Digital currency, as the name suggests, refers to any currency that exists primarily in electronic form. Devices like computers and smartphones store and manage digital currencies and exchange them using the internet.
Digital currencies are not physical objects like printed banknotes or coins. Henceforth, governments or central banks generally don’t issue or regulate digital currencies. This stands true for most (not all) digital currencies.
A distributed database, owned by a company or even a bank mostly records these digital currencies.
Recently, digital currencies have gained much attention. It is because they have become one of the easiest and sometimes cheapest methods for trading currencies.
There are two main types of digital currencies: cryptocurrencies and central bank digital currencies (CBDCs).
Cryptocurrencies
The most popular cryptocurrency has been Bitcoin, which was created in 2009. Then, Dogecoin, Ether, Binance Coin (BNB), etc. started making waves. Currently, there are several kinds of Cryptocurrencies in the market.
They use cryptography to create and secure cryptocurrencies as well as verify transactions in a network. Cryptography is a process that makes counterfeiting or double-spending difficult. Cryptographic techniques control the creation of new units and ensure the integrity and authenticity of transactions. This makes them resistant to fraud and counterfeiting.
As said earlier, central authorities such as the government or central bank do not usually back up digital currencies, especially cryptocurrencies. Instead, they operate on a distributed database which is a network of computers at several geographical locations. It is known as a blockchain and a chain of computers over a network stores them. It ensures transparency and security.
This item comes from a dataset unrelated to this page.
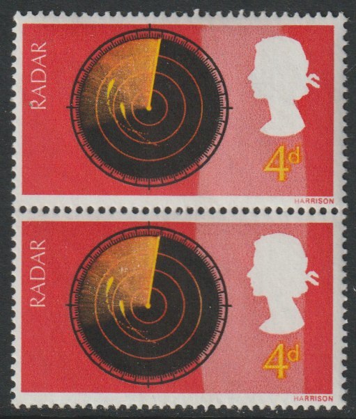 Great Britain 1967 British Discovery 4d Radar vert pair with fine dry print of red unmounted mint SG752var
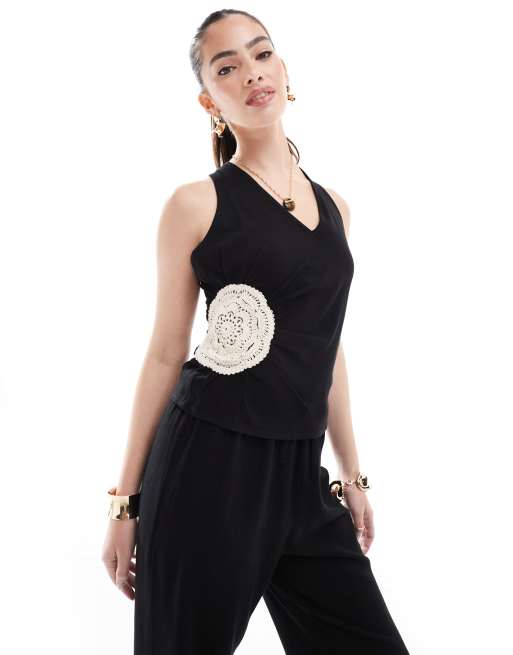 4th & Reckless linen look crochet flower detail halterneck beach top in black - part of a set

Blockchain technology also ensures the immutability of the transaction history, that is, it cannot be changed or erased.
The advantages of blockchain-enabled cryptocurrency are that it helps in accurate tracking, cost reduction, increased transparency and permanent ledger.
Central Bank Digital Currencies (CBDCs)
Unlike decentralized cryptocurrencies like Bitcoin or Ethereum, a central authority, typically the central bank of a country issues and controls CBDCs.
Many countries have been exploring the potential benefits of CBCDs. In India, the government has also rolled out its own CBDC in the form of a digital token. The (RBI) Reserve Bank of India launched the digital Rupee’s pilot in 2022 in the retail segment. The Government of India (GOI) has named it ‘e-RUPI (e₹)‘ and has designed it in the form of e-vouchers. The ‘e-RUPI (e₹)’ has its components based entirely on blockchain technology.CBDC pilot launched by the RBI
This cashless and contactless payment can further boost digital payments in India. It can foster faster modes of payment with round-the-clock availability by being more cost-effective.
Likewise, while some nations are experimenting, a couple of countries have concrete plans for CBDCs. For instance, China launched the digital Yuan as a pilot project and may expand it. Some nations have already made CBDCs available like Sand Dollar by the Central Bank of The Bahamas, DCash by the Eastern Caribbean Central Bank, e-Naira by the Central Bank of Nigeria and JamDex by the Bank of Jamaica (JamDex).
CBDCs are a digital equivalent of physical cash. In a dual system, they can coexist alongside physical cash, banknotes and other traditional forms of money. It will allow individuals and businesses to choose between using digital or physical currency for their transactions.
As the government or the central bank backs up CBDCs, it provides a level of stability. Moreover, it has the trust of citizens, similar to traditional currencies. CBDCs are typically recognized as legal tender. This means that people can use them to settle debts, pay taxes, and for general transactions within the issuing jurisdiction.
Advantages and Challenges
Digital currencies, including cryptocurrencies and CBDCs, can help facilitate transactions in a transparent and traceable manner. It can be faster, cheaper (especially the global transfers) and more efficient. It will be a great support to the unbanked and underbanked strata of society in a country. With CBDCs, they can access their money and pay bills without extra charges.
However, it also has many challenges like building a robust technology for security and operations. In addition to building robust technology, it will have the challenge of costs associated with it. Digital currencies still raise questions about surveillance and privacy. The fact that multiple digital devices over a network store/manage data and exchange it over the internet puts a question mark on confidentiality. Moreover, with so many digital currencies around, there has to be a way out for interoperability, especially for cross-border transactions. With so many cryptocurrencies and CBDCs, price volatility can also be an issue.
While digital currencies can help reduce fraud by controlling counterfeiting, there is still a lack of regulation. Needless to say, there is limited acceptance of digital currencies as of now.